Minister of Finance Dr Ashni Singh yesterday cast doubt on whether government can muster support from APNU and AFC for supplementary budget funds, while saying that some jobs will go as a result of their reduction of public spending for this year.

Speaking at a press conference in the boardroom of the Ministry of Finance yesterday, Singh said the opposition parties cannot be trusted to approve supplementary papers, as their conduct does not inspire any measure of confidence.

The opposition, using its one-seat majority in the National Assembly, last week made reductions amounting to $20.8 billion of the $192.5 billion originally proposed. APNU and AFC, which cited concerns about a lack of accountability for some allocations in justifying the cuts, have urged government to collaborate with them to introduce an agreed supplementary budget.

Dr Ashni Singh

“We only have to look at their behaviour in relation to Financial Papers 7 and 8 and to see the public pronouncement that they made about supplementary provisions to discover the absence in sincerity in what they are saying now,” Singh said.

“To say that we must come
back with a supplementary is an absurdity.”
Singh also said that the message sent by the opposition with the cuts is that the affected agencies should be closed down, particularly since some have had virtually all of their funding slashed, which will cost jobs.
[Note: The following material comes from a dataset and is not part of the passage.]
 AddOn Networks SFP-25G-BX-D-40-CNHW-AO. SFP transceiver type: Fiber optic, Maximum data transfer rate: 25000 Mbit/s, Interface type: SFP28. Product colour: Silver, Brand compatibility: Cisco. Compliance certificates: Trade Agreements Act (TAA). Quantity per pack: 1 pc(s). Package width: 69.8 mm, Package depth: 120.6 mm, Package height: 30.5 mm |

“If you were to look at the cuts that were made, in some cases to zero, if you operate from the premise that those agencies can no longer function, well, you would be on safe grounds saying those people no longer have their jobs,” he added, saying that government is considering the situations from all aspects, including industrial relations.
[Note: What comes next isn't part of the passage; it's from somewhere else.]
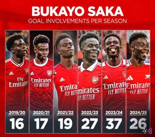 两周前,他在英超第200战对西汉姆点球破门,直接参与进球数破百,正式跻身酋长时代最强行列。2023年,记者查尔斯·瓦茨称他为“世界最佳右边锋”。即便如今萨拉赫略占上风,萨卡仍处于金字塔尖。放眼队内,威廉·萨利巴、加布里埃尔、德克兰·赖斯可争高低,但若论传奇度,萨卡已逼近枪手巅峰。
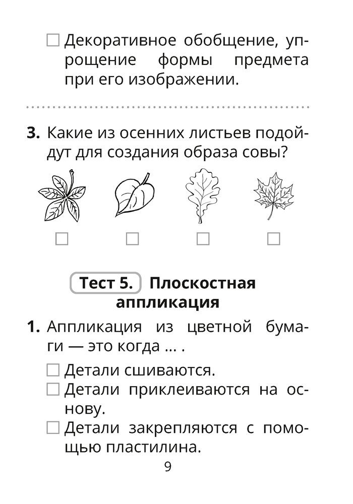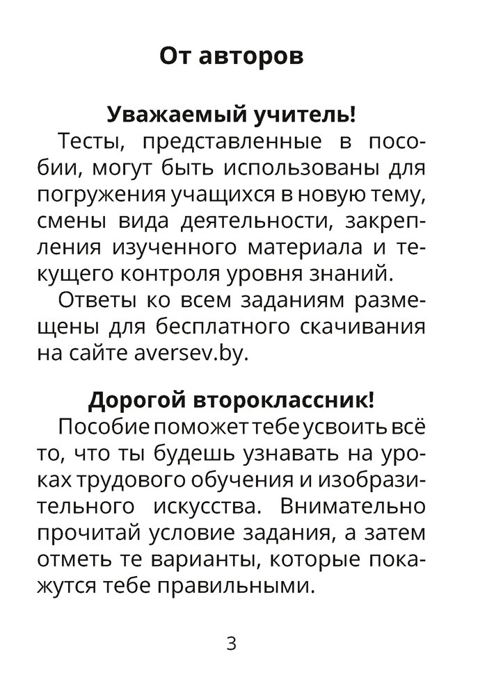 Пособие содержит тесты по двум предметам — трудовому обучению и изобразительному искусству. Тесты могут быть использованы на уроках для знакомства с новыми темами, закрепления полученных знаний, проверки уровня усвоения материала учащимися, обобщения и систематизации изученного.

“Those agencies have no funds appropriated to them any longer. They have no money to pay their staff, they have no money to meet their operational expenses… you tell me. What are their young staff to do? Continue to come to work hoping that the supplementary will be approved at some point in time? Go to the market and tell the stallholder ‘I am going to buy my groceries today but I understand that Mr Granger and Mr Greenidge and Mr Nagamootoo and Mr Ramjattan might approve a supplementary for me?’” he said.

He added that the government is now considering its next step, including how to deal with some agencies. “There are some instances where budgets were cut to a certain amount… you need to consider how those entities will operate with the loss of their funding source and look at whether the reduced allocation can meet the cost of their operations,” he explained.

According to Singh, on the last day of the examination of the estimates, when the final cuts were made, there was no sense of dissatisfaction by the opposition members with the answers that he and others on the government side gave to questions about some of the allocations identified to be reduced or in some cases cut completely.

“I will readily say that substantial parts of the national budget were passed without any adjustments and those programmes can proceed unimpeded. That is something that I am quite comfortable welcoming. But you also have almost $21 billion worth of cuts imposed by this APNU and AFC conspiracy in areas which could not possibly be justified…,” he charged.

He accused the opposition of trying to put up smokescreens to cover their actions, but said that none of their explanations can withstand the test of scrutiny.

“What you were treated to was a naked and vulgar display of political power being wielded by an opposition that is clearly not interested in national development,” he said.

“The people of Guyana are understandably outraged and rightly so…these are programmes all of which benefit the people of Guyana in one way or another. It is the height of parliamentary irresponsibility. What we have is the vulgar abuse of the majority of one.”

In arguing against the opposition’s cut of $18 billion for programmes under the Low Carbon Development Strategy (LCDS)—dependent on funding that the government is yet to receive from Norway—Singh argued that the funds are no different from funds expected from a variety of sources and for which expenditure is earmarked in the budget. He also said that it was the late PNCR Member of Parliament Winston Murray who insisted that the Norway funds be placed in the budget. He noted that in making the cuts, the opposition never even asked to know what the projects that had been approved were.

Singh also said that the opposition’s moves to control the Speakership and the Committee of Selection were a sign of its intentions during the consideration of the budget, but he added that government remains open to dialogue.